The show is affected by the influence of the original anime much more than the other three future ones, especially for the look of the characters (Yakko, for example, had bobbed hair like in the anime, although in later series they will become smooth).

== Differences from the original anime ==
- Aishite Knight is set in Japan, while from the dialogues of Grandpa Sam and Hildegard it is understood that the TV series is set in Italy.
- All the places that appear in the series (Shigemaro's restaurant, Yakko's house, the Bee Hive rehearsal room, Go's house and the kindergarten where Hashizo, Kaoru and Gonta go) are different from the anime.
- Hashizo and Satomi have blue and purple hair respectively in the anime; in Love me Licia, they both have brown hair.
- Go does not wear earrings unlike in the anime, where he wore them very often.
- Shin'ichi has a totally different hairstyle from his anime counterpart and has a bigger role alongside Hiroyuki.
- In Love me Licia Go, Satomi and Shigemaro do not smoke.
- Grandpa Sam and Lauro have major comic relief roles in Love me Licia.
- Eiji in Love me Licia never wears sunglasses.
- Hashizo's birthday in Aishite Knight is July 7 while in Love me Licia it is December.
- At the end of the original anime Yakko and Go promise to get married when the latter returns from United States, having also had the consent of Shigemaro. In the live action show, Shigemaro is again opposed to the marriage between the two.
- Juliano has a very active comedic role in Aishite Knight, often resulting in wacky comic relief; in Love me Licia he instead stays in the background, making cynical and sarcastic remarks about the current situation.
- The TV show is less dramatic, more sentimental and child-friendly.

== Soundtrack ==
The initial and final theme song of the show was written by Giordano Bruno Martelli and Alessandra Valeri Manera and sung by Cristina D'Avena.

== Filming ==
The interiors of the series were shot in the former studios of Merak Film S.r.l. while the exteriors in the park of Brugherio both in Cologno Monzese.

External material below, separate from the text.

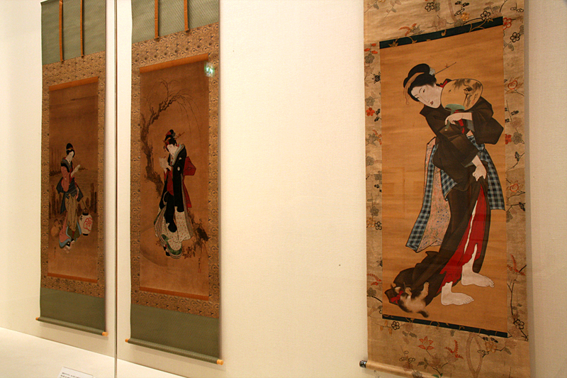 肉筆画も情緒たっぷり。背景の水墨とのコントラストも映えます

The Bee Hive concerts were shot in a former disco in Jesolo and Igloo in Varallo.

== New characters ==
The show features new characters invented specifically for it.

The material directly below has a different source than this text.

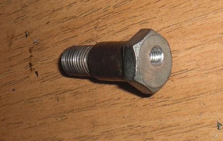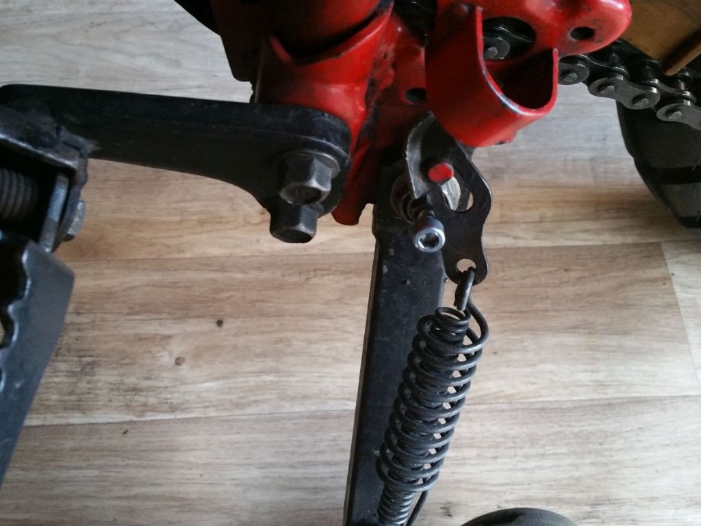 In die Originalschraube habe ich dazu eine kleine M6er Schraube eingesetzt, die das erledigt. Da ich ohne Klappmechanismus und Ständerschalter fahre - ich empfehle es keinem, der es nicht gewohnt ist! - kommt die Schraube zur HU rein.

- Lucas: the manager of Bee Hive, replacing Yamadazaka. Played and voiced by Augusto Di Bono.
- Miss Mary: the foreign manager by Bee Hive. Shigemaro falls in love with her and tries to make him eat her meatballs. Played by C. Brambilla Pisoni and voiced by Valeria Falcinelli.
- Vilfredo María: initially introduced as a Spanish womanizer, he turns out to be an industrial informant of a company who will try to find out Shigemaro's secret recipes then being unmasked. As a result, he kidnaps the cat Juliano promising to give him back if he is told the recipe but he will be stopped. Played by Federico Danti and voiced by Franco Gamba.
- Hildegard: a friend of the protagonists from West Germany, with a talent for mimicking voices. Played and voiced by Debora Magnaghi.
- Giovanni: a war veteran who will help the protagonists in finding Juliano. The actor who played it he's unknown.

=== Existing characters ===
- Corrado: a TV host who hosts the show where Bee Hive perform. Played by himself
- Kim Basinger: an actress who should have had a pool date with Shin'ichi. She is mentioned only by Shin'ichi.